Вернувшись к себе, старший тавуллярий засунул не очень-то и нужную ему жаровню под кровать и хрипловато рассмеялся. Ага! Клюнула бабка! Теперь, не сегодня-завтра, снова объявится господин Николай с вопросами. Ну, не может такого быть, чтобы Виринея Паскудница ему не стучала – Николай хоть и мздоимец и тот еще хмырь, но – по-первому впечатлению, не так уж и глуп. Значит, будем ждать. Будем.
Ждать пришлось недолго. Представитель местного отделения секрета явился уже буквально на следующий день, ближе к вечеру. Не чинясь – на этаже все равно никого не было – заглянул к Алексею в комнату:
– Бог в помощь! Поговорим?
– А, Николай! Заходи, заходи, гостем будешь! Садись вот, сейчас спущусь, вина принесу… Что такой кислый? На службе неприятности?
– Слушай, Алексий… ты плотника одного, Терентия, хорошо знаешь? Он сосед твой, этажом ниже живет.
– Терентия? Так я его, к слову сказать, и совсем не знаю. Ну, в лицо только.
– Говорят, ты его видал выходящим из комнаты старика Созонтия? – решительно поинтересовался гость. – Вспомни-ка поточнее – когда именно это было?

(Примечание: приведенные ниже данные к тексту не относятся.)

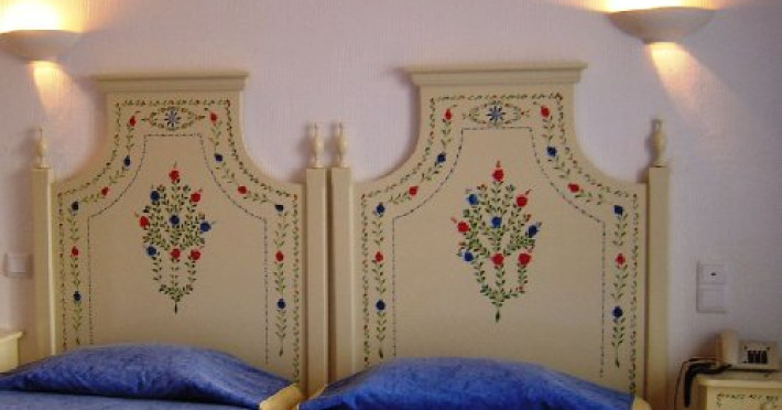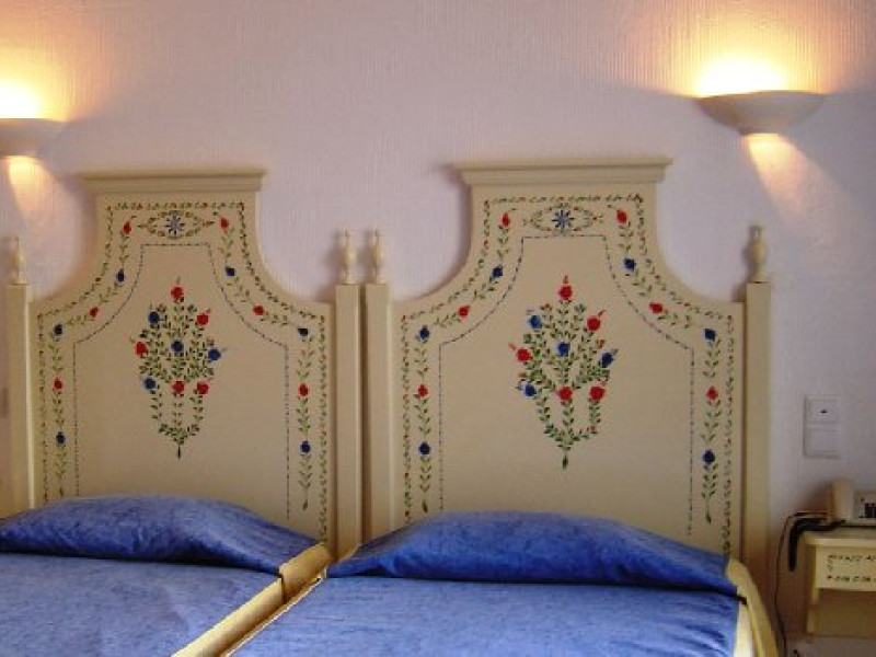 Dotari camere: 73 camere decorate in stil maur, cu mobilier din lemn si decoratiuni de mozaic. Fiecare camera are aer conditionat, TV, telefon, seif, uscator de par, baie cu cada sau dus, balcon sau geam.

Лешка задумчиво поскреб затылок:
– Да третьего дня еще.
– А подрался ты с Терентием, значит, уже позже?!
Черт! Ну и старуха – уже и про драку доложила.
– Из-за чего драка-то вышла?
– Из-за девчонки, – смущенно отозвался Алексей. – Из-за чего же еще-то?
– Актрису не поделили? – усмехнулся Николай. – И в самом деле – хороша девка. Ты ее представление видел?
– А как же! «Медею», кажется. Мне очень понравилось.
– Понравилось?! – Гость вдруг неожиданно расхохотался. – Да ты не то видел! Я имею в виду – не ту пьесу. Не «Медею», «Электру» нужно было смотреть… Впрочем, сейчас уже поздно, разве что весною теперь.
– А при чем тут весна, зима, осень? – не понял Лешка. – Какая разница, когда какую драму смотреть?
– Большая разница! – прищурив с некоторой скабрезностью левый глаз, Николай хохотнул и пояснил: – Весной и летом труппа Мелезии – ну, так эту актрису зовут, соседку твою – ставят «Электру». Приглашают танцовщиц и они – а с ними и Мелезия – танцуют голышом! Знаешь, сколько народу посмотреть приходит?